A 1995 experiment at the Los Alamos
National Laboratory
in New Mexico stunned the physics community when it reported a few
instances where a neutrino of one flavor had indeed transformed into a
neutrino of another flavor. The
Liquid Scintillator Neutrino Detector
(LSND)
recorded
neutrino events from 1993 to 1998, and saw about seven dozen events
where neutrino oscillation had apparently occurred.

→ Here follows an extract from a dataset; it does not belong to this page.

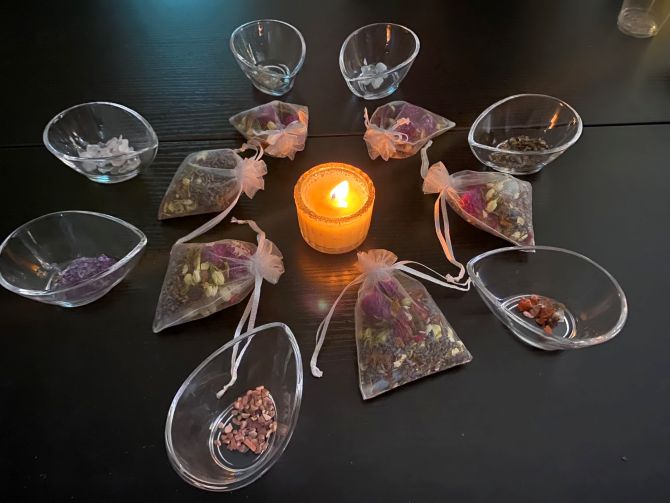 魔女会では、役割を終えた出来事や物、思考などを手放し、希望に意識を向け、愛と調和の祈りの言葉をみんなで唱える場面もありました。

Such a finding would also imply that neutrinos have a tiny mass, and could
indicate the existence of an additional, fourth flavor of neutrino, a flavor
unaccounted for by the hallowed
"Standard Model"
of particle physics. Though statistically significant, the LSND finding
was based on only a few events and it begged for confirmation. So in 1997
the idea for MiniBooNE was born when Columbia University physicists
Janet Conrad
and Michael
Shaevitz
decided to chase after the controversial LSND result.
Hunting for oscillations
MiniBooNE,
the first phase of the "Booster
Neutrino Experiment"
located at the Fermi National Accelerator
Laboratory
in Illinois, is a large detector set up to hunt for neutrino oscillations--specifically,
the change of a muon neutrino into an electron neutrino. Ironically, picking
out oscillations produced by such infinitesimal particles requires a huge
apparatus weighing hundreds of tons.
Detecting oscillations requires a beam of neutrinos produced through
a series of steps:
1. First, bunches of very energetic
protons
(moving at about 99.3 percent of the speed of light) will be produced
in Fermilab’s
Booster ring,
a small particle accelerator. Each bunch will consist of about 5 trillion
protons and will last only 1.5 millionths of a second, with five such bunches
produced each second.
2. These protons will strike a target made of beryllium.

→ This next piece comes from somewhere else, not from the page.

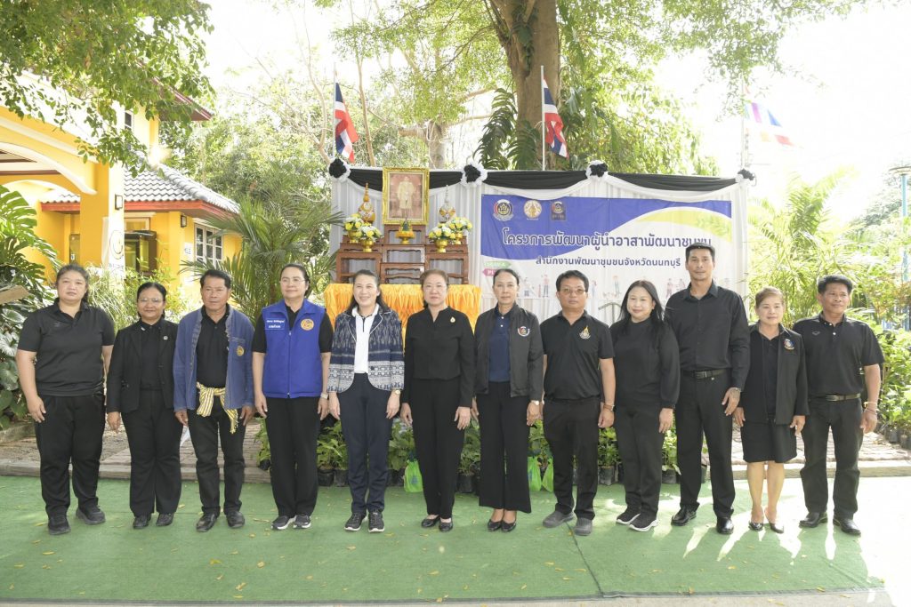 นางระวีพรรณ แก้วเพียงเพ็ญ รองผู้ว่าราชการจังหวัดนนทบุรี เป็นประธานเปิดกิจกรรม “57 ปี ผู้นำ อช. สานพลังจิตอาสา ชุมชนพัฒนาอย่างยั่งยืน ตามหลักปรัชญาของเศรษฐกิจพอเพียง” อ่านสารนายกรัฐมนตรีและรัฐมนตรีว่าการกระทรวงมหาดไทย มอบประกาศเกียรติคุณแก่ผู้นำอาสาพัฒนาชุมชนดีเด่น ที่มีผลงานดีเด่นด้านการขับเคลื่อนงานพัฒนาชุมชน ประจำปี 2568 มอบต้นกล้าผักสวนครัวให้ ผู้นำ อช. มอบผลิตภัณฑ์จากศูนย์เรียนรู้ฯ ให้ครัวเรือนเปราะบาง

3. When the protons strike the beryllium, particles known as pions
and kaons will be produced, and gathered by a magnetic focusing device into
a tight beam.
4. This second beam will travel inside a pipe about 50 meters (160 feet)
long. Inside the pipe about half the pions and kaons will decay into muons
and muon neutrinos.
5. The muons will be filtered out by a barrier made of about 5 meters of steel and
500 meters (1,600 feet) of earth. The neutrinos will zip unimpeded through
the barrier to the MiniBooNE detector. If LSND is correct, a tiny fraction of the muon neutrinos
will oscillate en route into electron neutrinos.

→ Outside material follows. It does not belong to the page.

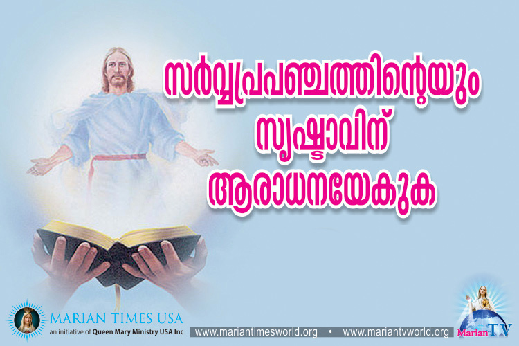 ദൈവത്തിന്റെ മഹത്വവും സൃഷ്ടപ്രപഞ്ചത്തിന്റെ നന്മയും തിരിച്ചറിയുന്ന മനുഷ്യന് നന്ദിയുടെ ഹൃദയവികാരങ്ങൾ ഉയർന്നുവരിക സാധാരണമാണ്. ഭൂമിയുടെ പരപ്പും ആഴിയുടെ ആഴങ്ങളും അനന്തമായ വിഹായുസ്സും ഒളിപ്പിച്ചുവയ്ക്കുന്ന രഹസ്യങ്ങൾ അജ്ഞത എന്ന പരിമിതിയിലേക്കല്ല, മറിച്ച്, ബുദ്ധിയുടെ പരിമിതമായ അറിവിനുപരിയായ ഒരു തലത്തിലേക്കാണ് മനസ്സിനെ കൊണ്ടുപോകേണ്ടത്. അവിടെ ജീവിതം മുഴുവനും ഒരു ആരാധനയായി മാറേണ്ടതുണ്ട്. നമ്മുടെ ഹൃദയമെന്നൊരു പ്രപഞ്ചത്തിൽ, ദൈവം ക്രമീകരിച്ചിരിക്കുന്ന അതിരുകൾ നാം തിരിച്ചറിയേണ്ടതുണ്ട്. പ്രലോഭനങ്ങളുടെ വൻതിരമാലകളും, തിന്മയുടെ കൂരിരുട്ടുനിറഞ്ഞ രാത്രികളുമൊക്കെ ദൈവപരിപാലനയെന്ന കാരുണ്യത്തിന് മുന്നിൽ അടിയറവുപറയേണ്ടതുണ്ട്. അവിടെ പാപവും തിന്മകളും നാമെന്ന മനുഷ്യരുടെ മുഖാവരണം അണിയാതിരിക്കാൻ നാം ശ്രദ്ധിക്കേണ്ടതുണ്ട്. നമ്മിലെ തിന്മകളെ അകറ്റി തിരിച്ചറിവുള്ള മനുഷ്യരാകാൻ നൂറ്റിനാലാം സങ്കീർത്തനവിചാരങ്ങൾ നമ്മെ സഹായിക്കട്ടെ. നന്ദിയുള്ള ഹൃദയങ്ങളിൽനിന്നും, നന്മവിരിയുന്ന മനസ്സുകളിൽനിന്നും വരുന്ന ആരാധനയുടെ ഗീതങ്ങളിൽ ദൈവം സംപ്രീതനാണ്. കടന്നുപോകുന്ന ഈ ജീവിതവും, എന്നേക്കും നിലനിൽക്കില്ലാത്ത ഈ പ്രപഞ്ചം തന്നെയും, ആദിയും അന്ത്യവുമില്ലാത്ത ദൈവത്തിനുള്ള ഒരു സ്തുതിഗീതമായുയരട്ടെ. അനന്തമായ ഈ പ്രപഞ്ചത്തിന് മുന്നിൽ, നിസ്സാരമായ നമ്മുടെ ജീവിതം സൃഷ്ടാവായ ദൈവത്തിനുള്ള ഒരു ആരാധനയുടെ ഈരടിയാകട്ടെ. “എന്റെ ആത്മാവേ കർത്താവിനെ വാഴ്ത്തുക, കർത്താവിനെ സ്തുതിക്കുക”.

Both muon and electron neutrinos will enter the MiniBooNE detector.
Most will fly through without stopping, but a small fraction will interact
and be observed.
The detector
The MiniBooNE detector is a
spherical tank
sitting in a large underground vault at Fermilab. The tank, about 12
meters (40 feet) in diameter, is filled with 250,000 gallons of mineral
oil. (The oil was delivered to the site in
twelve railroad tanker cars.) A small fraction of the muon
and electron neutrinos will collide with atoms in the mineral oil, at a
rate of about one per 20 seconds. When they do, they will produce either
a highly energetic muon or a highly energetic electron, respectively.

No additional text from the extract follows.